As demonstrated by the Wallace example, often students fearlessly record, upload and respond to videos on YouTube in very fluid, lateral ways, and with little regard for consequence. Moreover, it also doesn’t seem to bother them when their teachers and role-models do, too. Stan Murmur, an art teacher during the day and artist in his own time, filmed a demonstration of his “butt-print” process that was uploaded to YouTube. Students who found the video on YouTube were delighted, and this collapsing of boundaries between student and teacher exemplifies the lateral, rhizomatic paradigm in which we now mostly live. Participatory culture seems able to embrace vulnerability on both sides of a given boundary.
In another example, Evan Emory spliced together a video of his harmless performance for a group of children with some explicit lyrics recorded later. In this case, too, it wasn’t the students who were perturbed. Rather, it was the parents, the administration, the “old guard” as the “old idiot,” a notion still invested in the traditional hierarchy of student/teacher relationships, that objected to not only the idiocy, but perhaps also the vulnerability and exposure that the men in these videos began to represent.

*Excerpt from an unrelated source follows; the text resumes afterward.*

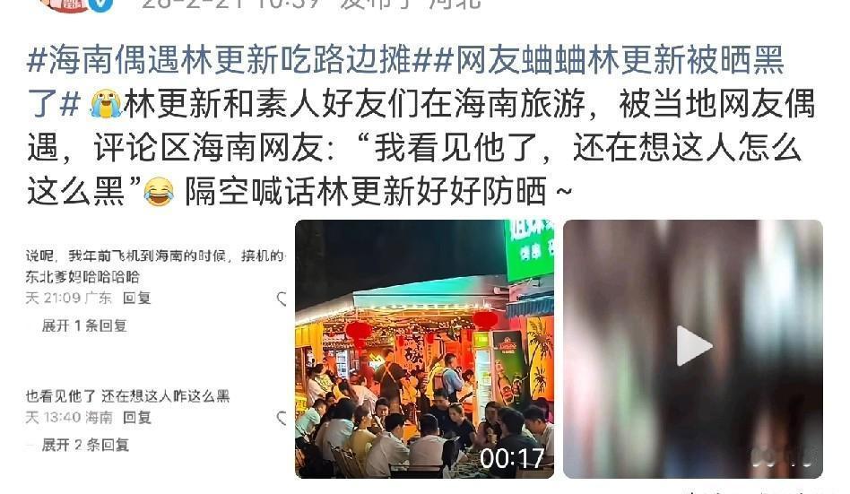 别怀疑,这就是林更新。 在海南待久了,从唇红齿白的九爷,直接晒成了夜市里最接地气的“黑炭”兄弟。 你猜怎么着? 从录《新游记》到拍《现在就出发》,再到今年过年赖在海边不走,他的肤色就是一部在海南的“定居史”。 这次被拍到,他正坐在吱呀响的塑料凳上,面前是滋滋冒油的烤串,白T恤后背被汗洇出深一块浅一块的印子。 说实话,内娱能把偶像包袱扔得这么彻底的,没几个。 别的明星防晒霜按斤抹,他倒好,把阳光当佐料,就着锅包肉和海鲜烧烤一起吞下肚。 网友喊他防晒,他回你一个更黑的笑脸。 在海南的林更新,晒黑的不是皮肤,是铠甲;踩着的不是拖鞋,是生活。 他从荧幕里走出来,一屁股坐进了人间烟火里。 这哪是度假,这分明是给自己换了种活法。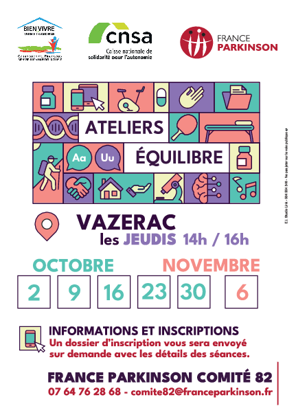 Le Comité 82 de FRANCE PARKINSON propose un atelier "Equilibre et prévention des chutes" dans le cadre du Bien Vieillir, atelier subventionné par la...

In our introduction, we claim that the fallout of cases such as these presents an ethical challenge to educators. For both Murmur and Emory, the videos led to catastrophe: they lost their jobs and went to court. In Murmur’s case, he sued the school district and lost. In Emory’s case, he was criminally prosecuted and sentenced to two months in jail. One might argue that their catastrophes were essential to maintaining the fallacy that teachers are in positions of authority. As Slavoj Žižek says in a video lecture, “It’s the catastrophe itself which keeps the dream alive.” Perhaps the viewers make events such as these become catastrophic so that the disappearance of the idealized notion of student/teacher relationships can be more easily ignored. One finds oneself protesting the violation of something that has already disappeared.
The events of Murmur and Emory were opportunities to answer the call. These teachers were engaged in vulnerable, exposed, creative acts. It doesn’t matter that the event wasn’t specifically a call to students or to teachers. Murmur and Emory deserve applause for their performances, and so too do the viewers who, in answering the calls, unwittingly created catastrophes for the performers.